It seems at times like mighty revolvers have lost their thunder to polymer and steel semi-autos, but they possess a capability and quality that endures.
Sure, revolvers don’t pack the capacity or technology of their semi-automatic competition, but they still stir something in the soul. Whether you want to carry a revolver, keep it in a drawer for home defense, or target shoot, there are a variety of fantastic revolvers from a variety of manufacturers that can fit your needs.
Here’s a list of what we think are some of the hottest revolvers available today.
When Kimber launched the K6S in 2016, they claimed to have ‘evolved the revolver’. Although that might be a bit of stretch, they certainly breathed some fresh life into the concealable wheel gun market.
The K6S has the smallest cylinder on the market capable of holding 6 rounds of .357 Magnum/.38 Special. It measures only 1.39-inches in diameter. The barrel is 2-inches long and the gun weighs 1.43-pounds empty. The internal hammer, shape, and contour of the gun make it snag-free. Models come with fixed and adjustable sights.

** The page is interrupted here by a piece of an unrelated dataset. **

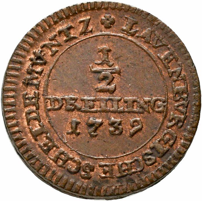 Altdeutschland und RDR bis 1800 Lauenburg, Georg II. von Braunschweig-Calenberg-Hannover 1727-1760: ½ Dreiling 1739 S. Monogramm GR. Welter 2663, Jaeger 13. Selten in dieser Erhaltung, vorzüglich - Stempelglanz. Katalog-Nummer(n) : We 2663 (Image)
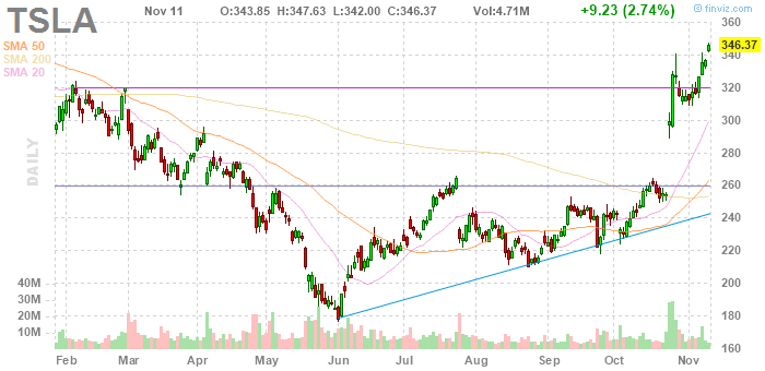 На текущий момент акции TSLA котируются по $346.37 (+2.74%).

We had the pleasure of shooting the K6S at SHOT Show in 2018 and the trigger is phenomenal. With .357 Magnum loads, it’s snappy. But with .38 Specials, it’s very controllable.
The Ruger GP100 may be one of the smoothest shooting revolvers on this list. It was the first revolver I ever fired. I was shooting .38 Specials, but I remember thinking to myself, ‘what a smooth shooting gun.’
The Ruger GP100 has been around since 1985. It’s a rugged, proven design known for its dependability and accuracy. The exposed hammer can be worked in either double or single action. A patented transfer-bar mechanism aids in preventing accidental discharges and the triple-locking cylinder provides positive alignment.
Available in a variety of calibers, the GP100 can hold six or seven rounds depending on the caliber. The robust stainless steel construction adds a little heft. A 3-inch barreled GP100 weighs 2.3-pounds empty. Sights are fixed or adjustable.
It is equally suited for outdoor carry, home and self-defense, and target shooting.
Smith & Wesson Model 66 Combat Magnum
In my mind, the S&W K-frame with wood finger-groove grips is one of the sexiest looking wheel guns available.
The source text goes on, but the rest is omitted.